Below are records; the lines starting at the one with "上海嘉定馬陸化工廠有限公司主" and ending at the one with "En los primeros" must be reproduced exactly, both included. Pictures must not appear.

■ Exercise data:
----
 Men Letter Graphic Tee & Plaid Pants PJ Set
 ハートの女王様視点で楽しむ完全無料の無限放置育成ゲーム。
----
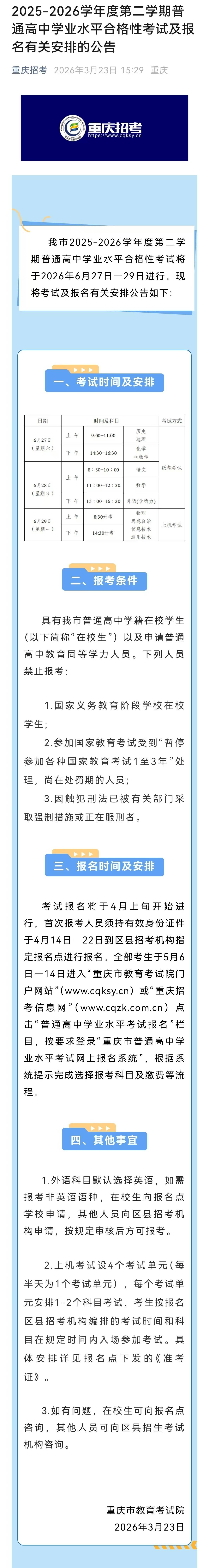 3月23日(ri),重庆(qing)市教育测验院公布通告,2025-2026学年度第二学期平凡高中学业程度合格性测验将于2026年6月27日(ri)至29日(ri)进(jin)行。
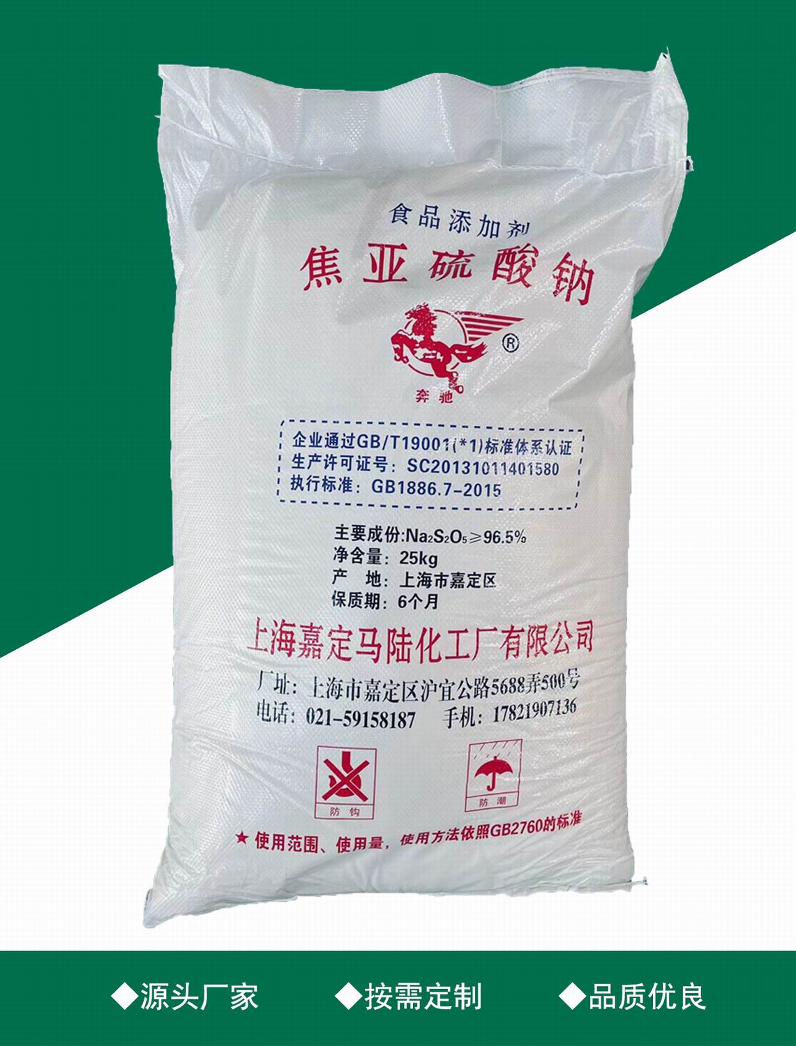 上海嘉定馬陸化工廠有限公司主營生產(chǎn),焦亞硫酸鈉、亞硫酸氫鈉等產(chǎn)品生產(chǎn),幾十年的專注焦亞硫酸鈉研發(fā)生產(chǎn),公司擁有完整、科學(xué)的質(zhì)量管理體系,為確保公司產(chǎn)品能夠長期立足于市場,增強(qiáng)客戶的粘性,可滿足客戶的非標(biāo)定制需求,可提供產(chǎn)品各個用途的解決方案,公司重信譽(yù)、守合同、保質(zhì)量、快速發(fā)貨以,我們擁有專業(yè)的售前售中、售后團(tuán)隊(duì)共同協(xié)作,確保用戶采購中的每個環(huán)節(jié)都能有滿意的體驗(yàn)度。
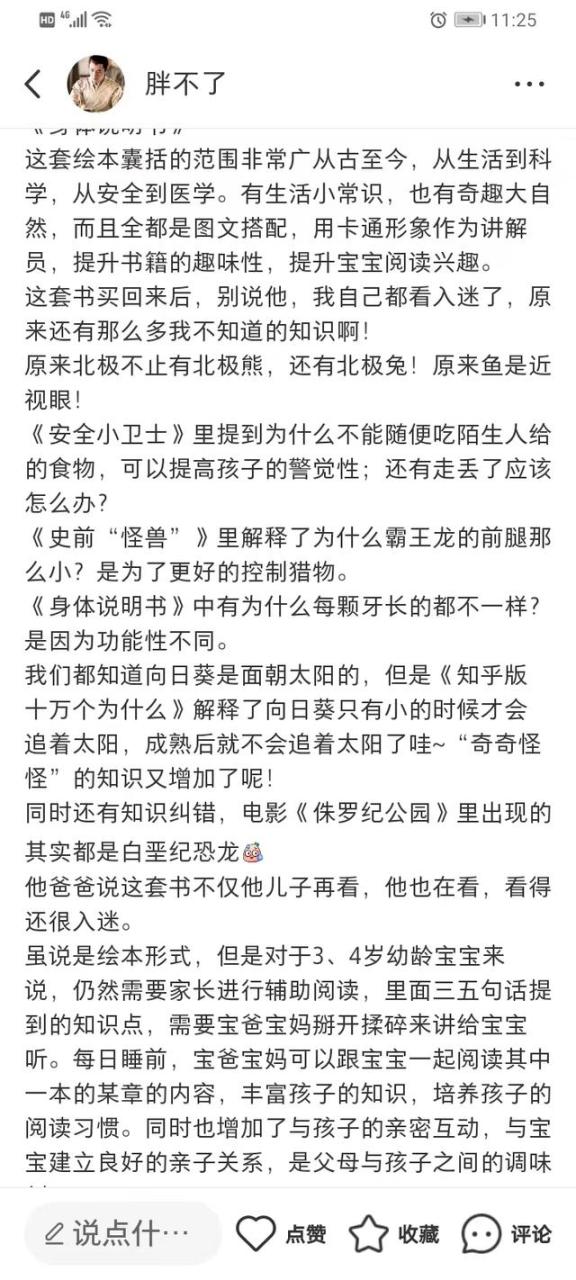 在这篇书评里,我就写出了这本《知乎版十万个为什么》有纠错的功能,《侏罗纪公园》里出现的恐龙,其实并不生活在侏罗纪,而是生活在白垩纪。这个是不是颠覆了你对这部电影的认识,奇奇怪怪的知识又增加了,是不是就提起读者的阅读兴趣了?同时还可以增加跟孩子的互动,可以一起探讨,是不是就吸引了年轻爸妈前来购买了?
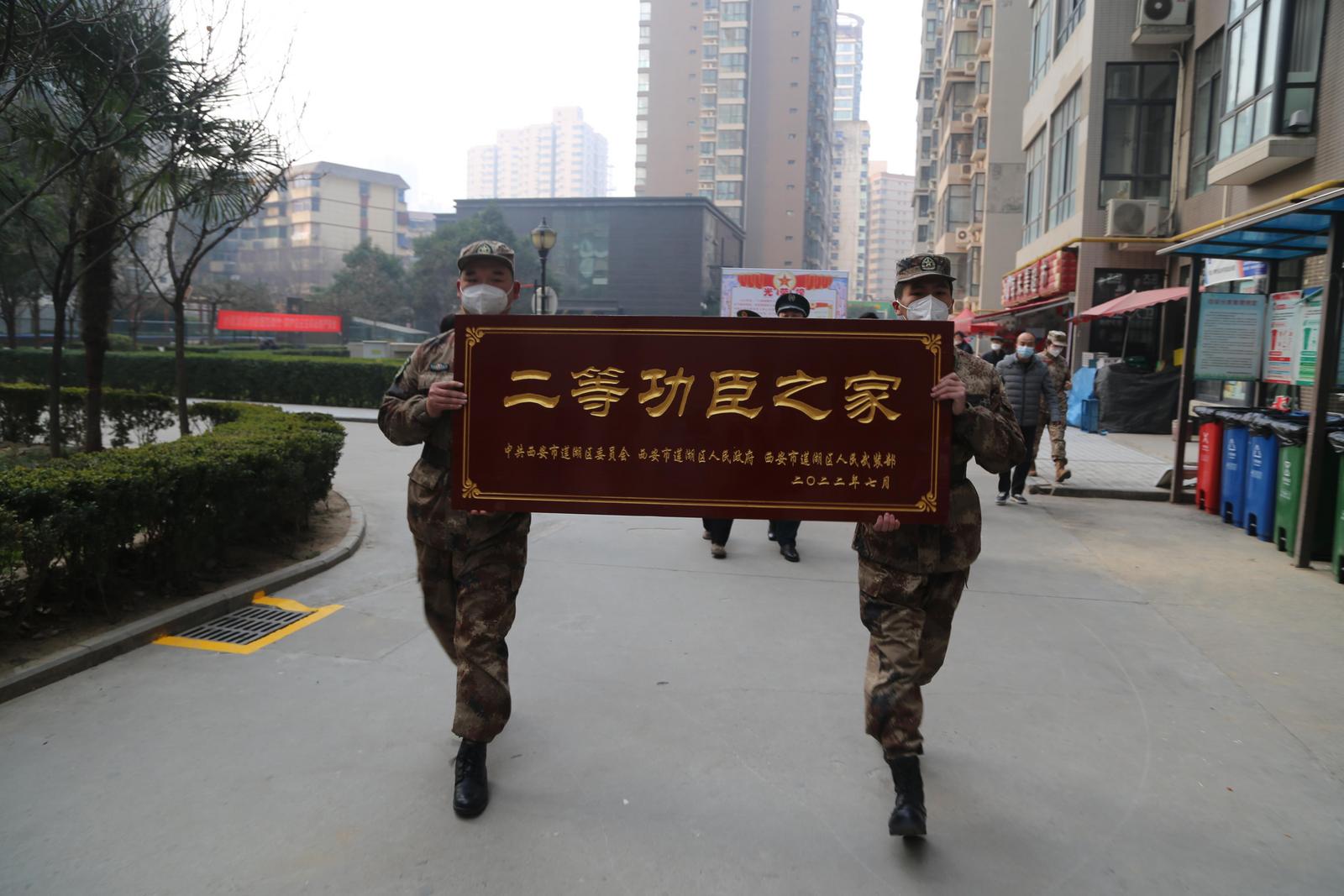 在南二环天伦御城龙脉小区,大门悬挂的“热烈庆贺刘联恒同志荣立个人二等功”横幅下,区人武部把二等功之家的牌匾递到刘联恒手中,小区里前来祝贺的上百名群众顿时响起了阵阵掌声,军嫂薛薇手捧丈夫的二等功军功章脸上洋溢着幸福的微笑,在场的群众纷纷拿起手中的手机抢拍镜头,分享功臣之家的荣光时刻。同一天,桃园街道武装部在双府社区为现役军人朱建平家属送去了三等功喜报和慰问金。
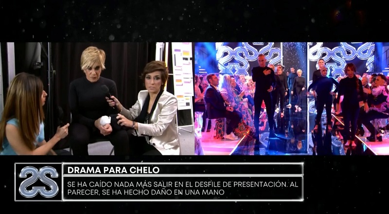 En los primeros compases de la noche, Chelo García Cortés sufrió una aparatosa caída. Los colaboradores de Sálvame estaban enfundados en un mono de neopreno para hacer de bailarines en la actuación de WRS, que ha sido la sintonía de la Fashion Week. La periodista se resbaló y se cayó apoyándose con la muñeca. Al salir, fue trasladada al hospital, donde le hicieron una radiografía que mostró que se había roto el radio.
----
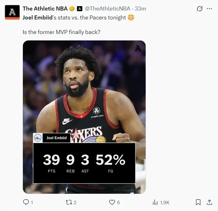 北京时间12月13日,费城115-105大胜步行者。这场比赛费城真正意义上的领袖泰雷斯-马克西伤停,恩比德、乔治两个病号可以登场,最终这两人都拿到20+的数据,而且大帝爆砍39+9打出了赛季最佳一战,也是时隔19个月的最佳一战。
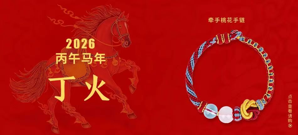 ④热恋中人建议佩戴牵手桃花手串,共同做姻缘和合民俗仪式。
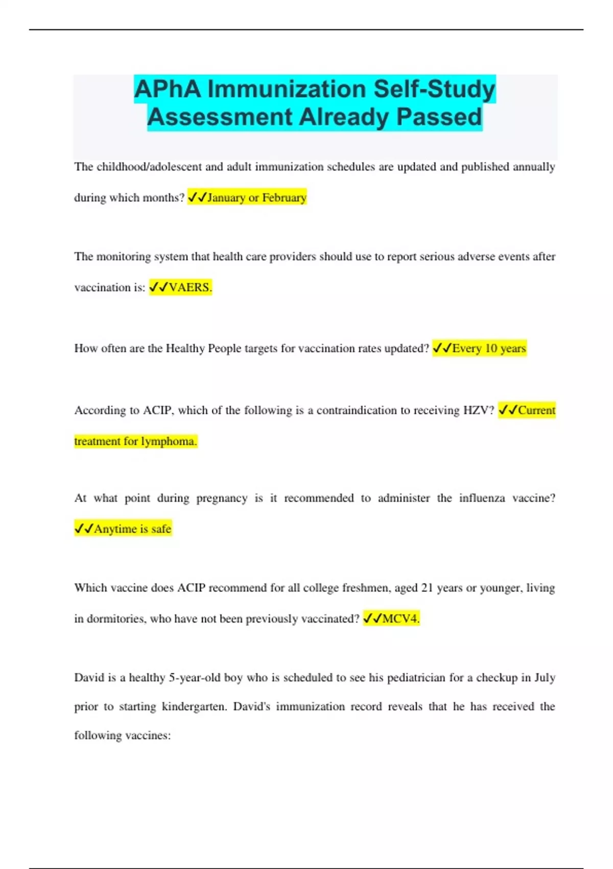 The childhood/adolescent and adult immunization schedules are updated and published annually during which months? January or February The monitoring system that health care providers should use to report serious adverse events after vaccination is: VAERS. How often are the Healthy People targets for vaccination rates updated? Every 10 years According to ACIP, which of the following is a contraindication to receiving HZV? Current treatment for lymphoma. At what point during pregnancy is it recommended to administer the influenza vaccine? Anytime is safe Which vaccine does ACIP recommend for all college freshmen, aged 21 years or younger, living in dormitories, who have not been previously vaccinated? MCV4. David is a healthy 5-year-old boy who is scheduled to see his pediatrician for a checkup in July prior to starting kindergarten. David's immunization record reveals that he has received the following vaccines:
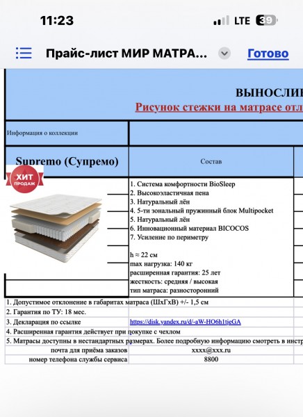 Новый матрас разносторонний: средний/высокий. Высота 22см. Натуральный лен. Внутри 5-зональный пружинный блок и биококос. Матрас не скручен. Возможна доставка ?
----
■ Answer for this exercise:
 上海嘉定馬陸化工廠有限公司主營生產(chǎn),焦亞硫酸鈉、亞硫酸氫鈉等產(chǎn)品生產(chǎn),幾十年的專注焦亞硫酸鈉研發(fā)生產(chǎn),公司擁有完整、科學(xué)的質(zhì)量管理體系,為確保公司產(chǎn)品能夠長期立足于市場,增強(qiáng)客戶的粘性,可滿足客戶的非標(biāo)定制需求,可提供產(chǎn)品各個用途的解決方案,公司重信譽(yù)、守合同、保質(zhì)量、快速發(fā)貨以,我們擁有專業(yè)的售前售中、售后團(tuán)隊(duì)共同協(xié)作,確保用戶采購中的每個環(huán)節(jié)都能有滿意的體驗(yàn)度。
 在这篇书评里,我就写出了这本《知乎版十万个为什么》有纠错的功能,《侏罗纪公园》里出现的恐龙,其实并不生活在侏罗纪,而是生活在白垩纪。这个是不是颠覆了你对这部电影的认识,奇奇怪怪的知识又增加了,是不是就提起读者的阅读兴趣了?同时还可以增加跟孩子的互动,可以一起探讨,是不是就吸引了年轻爸妈前来购买了?
 在南二环天伦御城龙脉小区,大门悬挂的“热烈庆贺刘联恒同志荣立个人二等功”横幅下,区人武部把二等功之家的牌匾递到刘联恒手中,小区里前来祝贺的上百名群众顿时响起了阵阵掌声,军嫂薛薇手捧丈夫的二等功军功章脸上洋溢着幸福的微笑,在场的群众纷纷拿起手中的手机抢拍镜头,分享功臣之家的荣光时刻。同一天,桃园街道武装部在双府社区为现役军人朱建平家属送去了三等功喜报和慰问金。
 En los primeros compases de la noche, Chelo García Cortés sufrió una aparatosa caída. Los colaboradores de Sálvame estaban enfundados en un mono de neopreno para hacer de bailarines en la actuación de WRS, que ha sido la sintonía de la Fashion Week. La periodista se resbaló y se cayó apoyándose con la muñeca. Al salir, fue trasladada al hospital, donde le hicieron una radiografía que mostró que se había roto el radio.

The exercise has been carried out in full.